Home » C++ » Efficient way to bit-copy a signed integer to an unsigned integer

Efficient way to bit-copy a signed integer to an unsigned integer

Posted by: admin January 9, 2018 Leave a comment

Questions:
/* [1] */
int i = -1;
unsigned u = (unsigned)i;

/* [2] */
int i = -1;
unsigned u;
memcpy(&u, &i, sizeof i);

/* [3] */
int i = -1;
unsigned u = *(unsigned *)&i;

In order to bit-copy a signed integer to its unsigned partner, [1] should work on most machines, but as far as I know it is not guaranteed behaviour.

[2] should do exactly what I want, but I want to avoid the overhead of calling a library function.

So how about [3]? Does it efficiently achieve what I intend?

Answers:
[3] is correct in both C and C++ (as of C++14 but not previously); there is no need to use memcpy in this case. (That said, there’s no reason not to use memcpy, as it communicates your intent effectively, is obviously safe, and has zero overhead.)

C, 6.5 Expressions:

7 – An object shall have its stored value accessed only by an lvalue expression that has one of
the following types: […]

  • a type that is the signed or unsigned type corresponding to the effective type of the
    object, […]

C++, [basic.lval]:

10 – If a program attempts to access the stored value of an object through a glvalue of other than one of the
following types the behavior is undefined: […]

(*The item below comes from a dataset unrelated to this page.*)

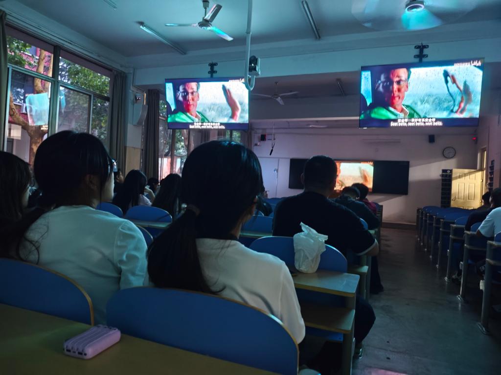 观影现场,随着灯光渐暗,暴雨倾盆的音效与摇晃的汽车旅馆画面瞬间将同学们带入紧张氛围。影片中,被困在密闭空间的陌生人接连遭遇离奇死亡,充满张力的对话、惊悚的场景切换,引得现场惊呼不断。随着主角身份的层层反转,大家时而皱眉思索,时而低声讨论,沉浸在影片所营造的心理迷宫之中。同学们在感受电影魅力的同时,也在紧张的学习生活中获得了难得的心理放松。

  • a type that is the signed or unsigned type corresponding to the dynamic type of the object, […]

As you can see, the wording in the two standards is very similar and so can be relied upon across the two languages.

Questions:
Answers:
/* [4] */
union unsigned_integer
{
  int i;
  unsigned u;
};

unsigned_integer ui;
ui.i = -1;
// You now have access to ui.u

Warning: As discussed in the comments, this seems to be okay in C and Undefined Behaviour in C++, since your question has both tags i’ll leave this here. For more info check this SO question:

Accessing inactive union member and undefined behavior?

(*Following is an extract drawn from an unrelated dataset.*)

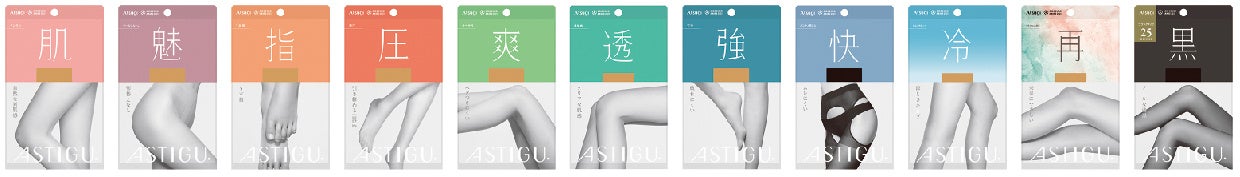 アスティーグは、プレーンストッキングを求める全ての方のニーズにお応えできる、11種類のラインアップを展開しています。商品特長をわかりやすく示した漢字一文字のパッケージが目印。サイズ・カラーも豊富に取り揃えています。
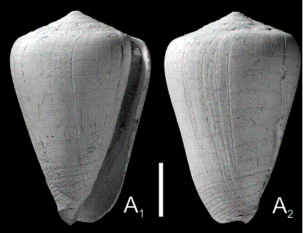 Conus moravicus (3) Figs 11 A1–A5 NHMW 2016/0033/0001 MM. 40,2 X 26,2 Figs 11 A1–A5 Mikulov-Kienberk (Czech Republic) |

I would then advise for reinterpret_cast in C++:

/* [5] */
int i = -1;
unsigned u = reinterpret_cast<unsigned&>(i);

Questions:
Answers:
/* [1] */
int i = -1;
unsigned u = (unsigned)i;

↑ This is guaranteed to not work on a sign-and-magnitude or 1’s complement machine, because conversion to unsigned is guaranteed to yield the signed value modulo 2n where n is the number of value representation bits in the unsigned type. I.e. the conversion is guaranteed to yield the same result as if the signed type used two’s complement representation.


/* [2] */
int i = -1;
unsigned u;
memcpy(&u, &i, sizeof i);

↑ This would work nicely, because the types are guaranteed to have the same size.


/* [3] */
int i = -1;
unsigned u = *(unsigned *)&i;

↑ This is formally Undefined Behavior in C++11 and earlier, but it’s one of the cases included in the “strict aliasing” clause in the standard, and so it’s probably supported by every extant compiler. Also, it’s an example of what reinterpret_cast is there for. And in C++14 and later the language about undefined behavior has been removed from (1)the section on lvalue to rvalue conversion.

If I did this I would use the named C++ cast for clarity.

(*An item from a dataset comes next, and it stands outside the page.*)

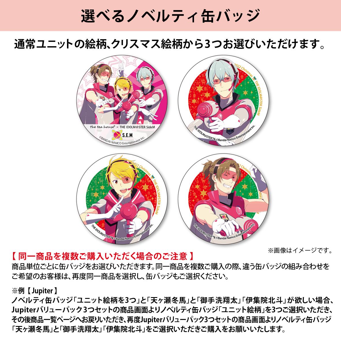 ※ノベルティの缶バッジは通常ユニットの絵柄、クリスマス絵柄から3つお選びいただけます。

I would however try out what the sometimes look-the-standard-allows-me-to-do-the-impractical-thing compilers have to say about it, in particular g++ with its strict aliasing option, whatever it is, but also clang, since it’s designed as a drop-in replacement for g++.

At least if I planned on the code being used with those compilers and options.


1) [conv.lval], §4.1/1 in both C++11 and C++14.

Questions:
Answers:

This is from Paragraph 4.7 “Integral Conversions” of document N3797, the latest working draft of the C++14 standard:

If the destination type is unsigned, the resulting value is the least
unsigned integer congruent to the source integer (modulo 2n where n is
the number of bits used to represent the unsigned type). [ Note: In a
two’s complement representation, this conversion is conceptual and
there is no change in the bit pattern (if there is no truncation).
—end note ]

To a first approximation, all computers in the world use two’s complement representation. So [1] is the way to go (unless you are porting C++ to the IBM 7090).